[Aim of the task]
Transcribe the listing below exactly, leaving out each image.
Information shown Block Start
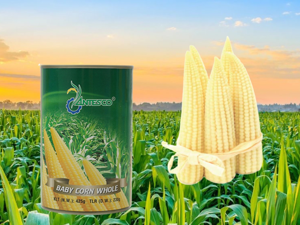 Bắp Non Đóng Hộp Antesco 425g - Đặc Sản An Giang – sản xuất theo công nghệ Châu Âu, tiện lợi, an toàn, giữ trọn hương vị tự nhiên, dùng ngay hoặc chế biến đa dạng món ăn.
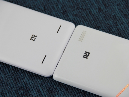 机身背面(左:红米Note 4G、右:中兴V5 Max)
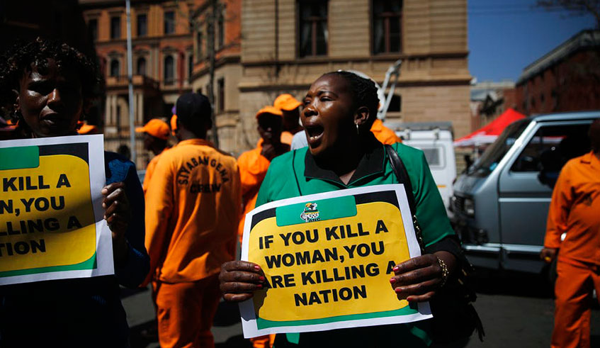 In January this year, the nation was shaken by the news of the murder of Alexia Mupende. The model had been killed by a domestic worker at her father’s home in Nyarugunga Sector, Kicukiro District. And though her death may or may not have been directly linked to femicide, the barbarian act was still violence against women. Regardless of the strategies in place, violence against women has continued to prevail in the country and beyond. For example, in Kenya, last year, a number of cases of women being murdered emerged. Dominican Republic women work to stop femicide. One outstanding case was that which involved a famous TV journalist, Jacqueline Maribe, who alongside her fiancée Joseph Irungu, was charged with the murder of one Monica Kimani, a business woman whose body had been found lying lifeless in a bathtub, with her hands tied and her throat slit. Both Mupende and Kimani’s unfortunate fates present an insight on how rampant the case of violence against women still prevails despite efforts in place. Embrace Women Group during a press conference. The group called on Kenyans to turn up for a vigil at the University of Nairobi in memory of femicide victims. Net photos While femicide is a fairly conferred aspect, the crime is one among many other things denying the rights and freedom of women. According to World Health Organisation, femicide is generally understood to involve intentional murder of women because they are women, but broader definitions include any killings of women or girls. Statistics go on to show that a large proportion of femicide is of women in violent relationships, and are committed by current or former partners. The ‘Global Study on Homicide: Gender-related killings of women and girls 2018’ shows women are far more likely to die at the hands of someone they know. Women hold signs during a protest against ongoing violence against women in Cape Town, South Africa. A total of 87,000 women were intentionally killed in 2017. More than half of them were killed by intimate partners or family members, meaning that 137 women across the world are killed by a member of their own family every day, the report shows. Africa was also the region with the highest rate of females killed purely by intimate partners in 2017 (1.7 per 100,000 female population). What could be perpetuating this vice? Gender activist Sharon Mbabazi says culture definitely has a role to play, especially among the different societies that have normalised violence against women. This, she says, takes a toll on the image women tend to have for themselves. “Such a crime creates fear in such a way that women don’t feel comfortable expressing themselves, they remain silent even when they have issues affecting them,” she says. Ngozi Odawayi, the founder of Bookie Book Bop Club, says it is unfortunate that the issue of violence against women is still on the rise even with the many awareness campaigns. She, on the other hand, says that the men (who are the perpetrators in most cases) who abuse women either emotionally and physically have psychological issues, noting that a man who is mentally well cannot violate a human like that. “I think there are people who are mentally deranged. These women are mostly killed by their loved ones or their partners,” she says. She also believes that cultural norms do have a role play, for it perpetuates some people into thinking of women as weaker and inferior. “It’s hard to believe that those beliefs are tolerated even in this 21st Century. Believing that women don’t have any rights leads to abuse. And you know there is always an issue of violence before it gets to femicide, so when this abuse is not taken care of it eventually leads to murder.” Bertin Ganza Kanamugire, a gender activist and founder of Afflatus Africa, agrees with Odawayi saying that it’s hard for a person without a mental illness to commit such savage acts. “Society needs to understand that effects of such are very detrimental for they can affect generations and generations.” Kanamugire also believes that at times people experience traumatic childhoods, something that affects their actions and perception in life as adults. How can this be addressed? In order to prevent such killings, a more comprehensive range of coordinated services needs to be provided by police, criminal justice systems, health and social service, according to “The ‘Global Study on Homicide.” “Moreover, in order to prevent and tackle gender-related killing of women and girls, men need to be involved in efforts to combat intimate partner violence/family-related homicide and in changing cultural norms that move away from violent masculinity and gender stereotypes,” it goes on to state. Odawayi is also of the view that what needs to be done is to continue creating awareness in society. “When I talk about awareness I mean starting from the grassroots, engaging students to be aware of what is out there such that when they get there, to that time of making choices, they do the right thing and also be wise enough to choose the right partner,” she says. She also states that people need to be encouraged to seek psychological help. People tend to keep everything (bad experiences) yet when such feelings are bottled up, they finally explode. “Another thing is getting men involved in the awareness, this way, they will understand that it is not right to see women as inferior. But also, policies to address such crimes need to be made harsh enough,” Odawayi says. Kanamugire shares his view noting that there is need to make use of the media to keep on educating the masses about such evils. “Let’s put into consideration that we are all human beings, lets treat each other with respect for we are all equal. It’s basically encouraging gender equality and promoting human rights,” he says. Mbabazi believes that education is one of the most powerful tools that can be used to stop femicide. This is why she sug
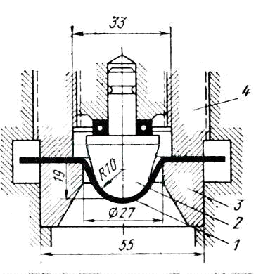 пуансон; 3 - матрица; 4 - прижим
Information shown Block End
[Solved problem]
 Bắp Non Đóng Hộp Antesco 425g - Đặc Sản An Giang – sản xuất theo công nghệ Châu Âu, tiện lợi, an toàn, giữ trọn hương vị tự nhiên, dùng ngay hoặc chế biến đa dạng món ăn.
 机身背面(左:红米Note 4G、右:中兴V5 Max)
 In January this year, the nation was shaken by the news of the murder of Alexia Mupende. The model had been killed by a domestic worker at her father’s home in Nyarugunga Sector, Kicukiro District. And though her death may or may not have been directly linked to femicide, the barbarian act was still violence against women. Regardless of the strategies in place, violence against women has continued to prevail in the country and beyond. For example, in Kenya, last year, a number of cases of women being murdered emerged. Dominican Republic women work to stop femicide. One outstanding case was that which involved a famous TV journalist, Jacqueline Maribe, who alongside her fiancée Joseph Irungu, was charged with the murder of one Monica Kimani, a business woman whose body had been found lying lifeless in a bathtub, with her hands tied and her throat slit. Both Mupende and Kimani’s unfortunate fates present an insight on how rampant the case of violence against women still prevails despite efforts in place. Embrace Women Group during a press conference. The group called on Kenyans to turn up for a vigil at the University of Nairobi in memory of femicide victims. Net photos While femicide is a fairly conferred aspect, the crime is one among many other things denying the rights and freedom of women. According to World Health Organisation, femicide is generally understood to involve intentional murder of women because they are women, but broader definitions include any killings of women or girls. Statistics go on to show that a large proportion of femicide is of women in violent relationships, and are committed by current or former partners. The ‘Global Study on Homicide: Gender-related killings of women and girls 2018’ shows women are far more likely to die at the hands of someone they know. Women hold signs during a protest against ongoing violence against women in Cape Town, South Africa. A total of 87,000 women were intentionally killed in 2017. More than half of them were killed by intimate partners or family members, meaning that 137 women across the world are killed by a member of their own family every day, the report shows. Africa was also the region with the highest rate of females killed purely by intimate partners in 2017 (1.7 per 100,000 female population). What could be perpetuating this vice? Gender activist Sharon Mbabazi says culture definitely has a role to play, especially among the different societies that have normalised violence against women. This, she says, takes a toll on the image women tend to have for themselves. “Such a crime creates fear in such a way that women don’t feel comfortable expressing themselves, they remain silent even when they have issues affecting them,” she says. Ngozi Odawayi, the founder of Bookie Book Bop Club, says it is unfortunate that the issue of violence against women is still on the rise even with the many awareness campaigns. She, on the other hand, says that the men (who are the perpetrators in most cases) who abuse women either emotionally and physically have psychological issues, noting that a man who is mentally well cannot violate a human like that. “I think there are people who are mentally deranged. These women are mostly killed by their loved ones or their partners,” she says. She also believes that cultural norms do have a role play, for it perpetuates some people into thinking of women as weaker and inferior. “It’s hard to believe that those beliefs are tolerated even in this 21st Century. Believing that women don’t have any rights leads to abuse. And you know there is always an issue of violence before it gets to femicide, so when this abuse is not taken care of it eventually leads to murder.” Bertin Ganza Kanamugire, a gender activist and founder of Afflatus Africa, agrees with Odawayi saying that it’s hard for a person without a mental illness to commit such savage acts. “Society needs to understand that effects of such are very detrimental for they can affect generations and generations.” Kanamugire also believes that at times people experience traumatic childhoods, something that affects their actions and perception in life as adults. How can this be addressed? In order to prevent such killings, a more comprehensive range of coordinated services needs to be provided by police, criminal justice systems, health and social service, according to “The ‘Global Study on Homicide.” “Moreover, in order to prevent and tackle gender-related killing of women and girls, men need to be involved in efforts to combat intimate partner violence/family-related homicide and in changing cultural norms that move away from violent masculinity and gender stereotypes,” it goes on to state. Odawayi is also of the view that what needs to be done is to continue creating awareness in society. “When I talk about awareness I mean starting from the grassroots, engaging students to be aware of what is out there such that when they get there, to that time of making choices, they do the right thing and also be wise enough to choose the right partner,” she says. She also states that people need to be encouraged to seek psychological help. People tend to keep everything (bad experiences) yet when such feelings are bottled up, they finally explode. “Another thing is getting men involved in the awareness, this way, they will understand that it is not right to see women as inferior. But also, policies to address such crimes need to be made harsh enough,” Odawayi says. Kanamugire shares his view noting that there is need to make use of the media to keep on educating the masses about such evils. “Let’s put into consideration that we are all human beings, lets treat each other with respect for we are all equal. It’s basically encouraging gender equality and promoting human rights,” he says. Mbabazi believes that education is one of the most powerful tools that can be used to stop femicide. This is why she sug
 пуансон; 3 - матрица; 4 - прижим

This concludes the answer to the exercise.